QuangBK / localLLM_guidance

Local LLM ReAct Agent with Guidance
151 stars 24 forks source link

Use cycles with stop for agents #4

Closed joaopiopedreira closed 1 year ago

joaopiopedreira commented 1 year ago

Hi @QuangBK , congrats for your work here, really nice. I was playing around with your agent and it didn't work for what I was after, because some of my agents require the program to search the internet up to 5 times. So I've tried to extend your concept with a {{#each}} cycle. It definitely works, but I was hoping to find a better way to exit the cycle when the final solution is reached. Any thoughts? Thank you!
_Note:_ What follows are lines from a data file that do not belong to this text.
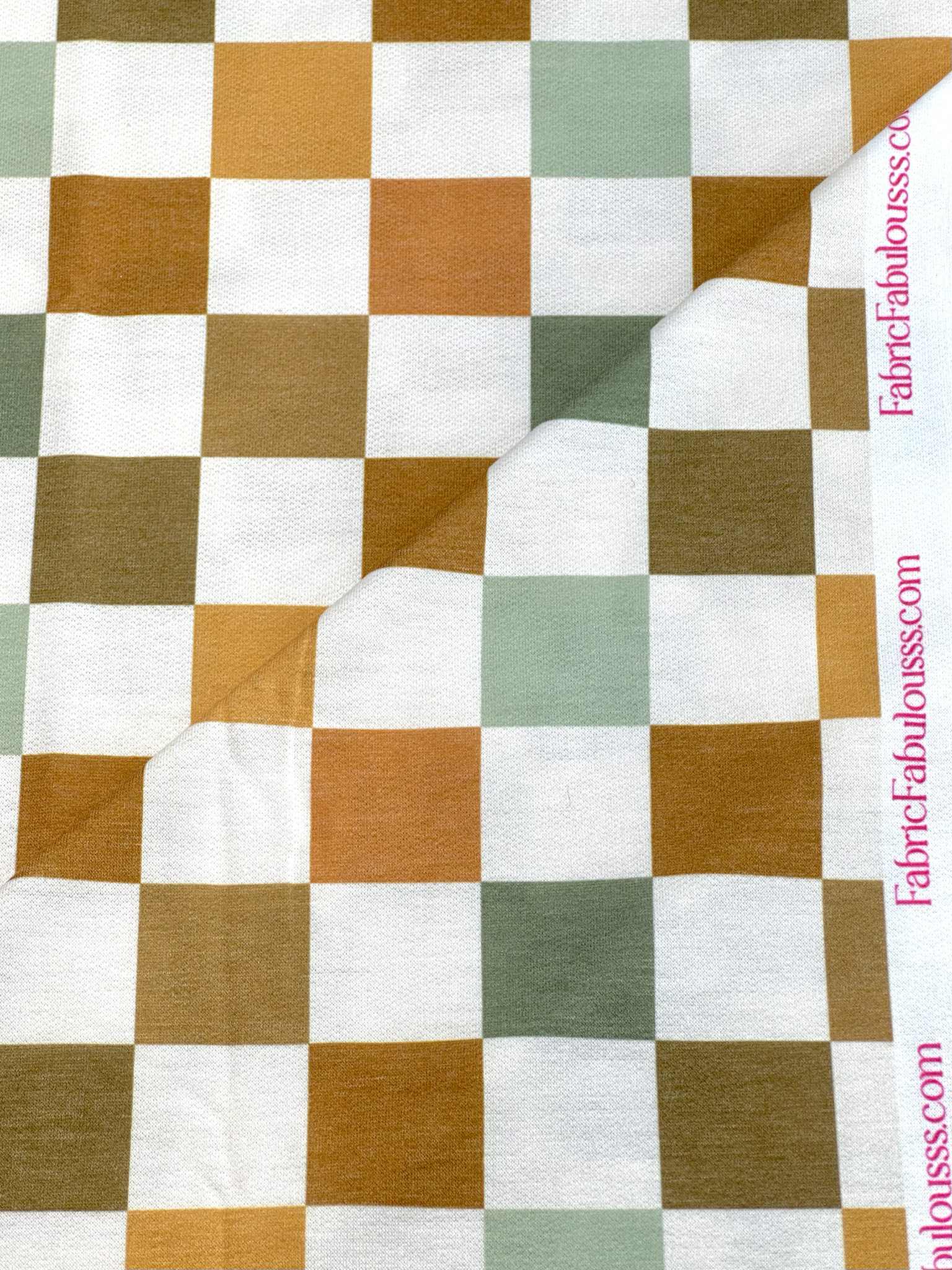 (FRENCH TERRY) BROWN AND OFF WHITE MEDIUM CHECKERED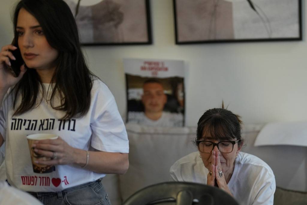 10月13日,以色列霍隆,以色列人质巴尔·库珀斯坦的家人和朋友观看加沙地带哈马斯释放人质的直播。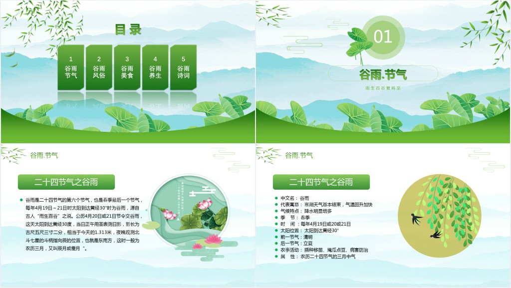 这套二十四节气谷雨节气习俗特色PPT模板属于内容型,已包含实质内容,可直接使用!
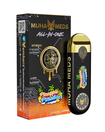 Take a tropical escape with Muha Meds Pineapple Paradise, a smooth and euphoric hybrid that perfectly balances fruity flavor and potent performance. Each 2-gram all-in-one device is crafted for convenience, filled with premium distillate and infused with vibrant pineapple terpenes that hit ripe, sweet, and citrusy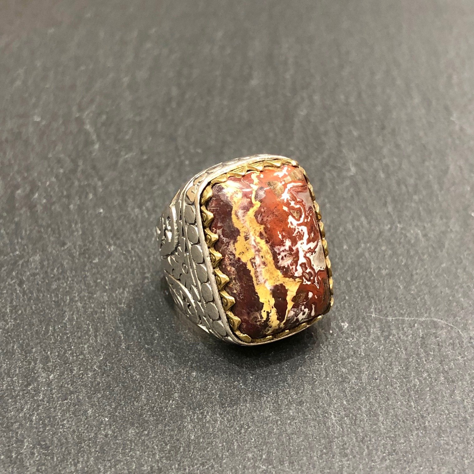 Bague en argent 925,sertie d’une laguna, tour cuivre .

Here's your code, modified for my use case:


prompt_template = """
(...)
### Input:
{{question}}

### Response:
Question: {{question}}
{{#each iterations}}
Thought: {{gen 'thought' stop='\\n'}}
{{#if (== thought " I now know the final answer.")}}
Final Answer: {{gen 'final' stop='\\n'}}
{{await 'instruction'}}
{{/if}}
Action: {{select 'tool_name' options=valid_tools}}
Action Input: {{gen 'actInput' stop='\\n'}}
Observation:{{search actInput}}
{{/each}}"""

prompt = guidance(prompt_template)
result = prompt(
    question="How old is the Portuguese president's wife?", 
    search=searchGoogle, 
    valid_answers=valid_answers, 
    valid_tools=valid_tools,
    iterations=[1,2,3,4,5]
)
QuangBK commented 1 year ago

Hi, thank you for your comment. The main reason for this problem is the hallucinations. Sometimes, the LLM keeps the "Thought" loop instead of giving the " I now know the final answer. Final answer: .." even the observations provide them with enough information for answering. Since the Vicuna or WizardML is not trained to work with ReAct framework, the model tends to make its decision randomly (continue to search or give the final answer). That's why I forced LLM to give the answer after several loops. To directly solve this problem, we need to teach the model somehow to give the correct decision given previous observations. I suggest trying with a bigger model (33B or 65B), or we can fine-tune them to work directly with ReAct framework.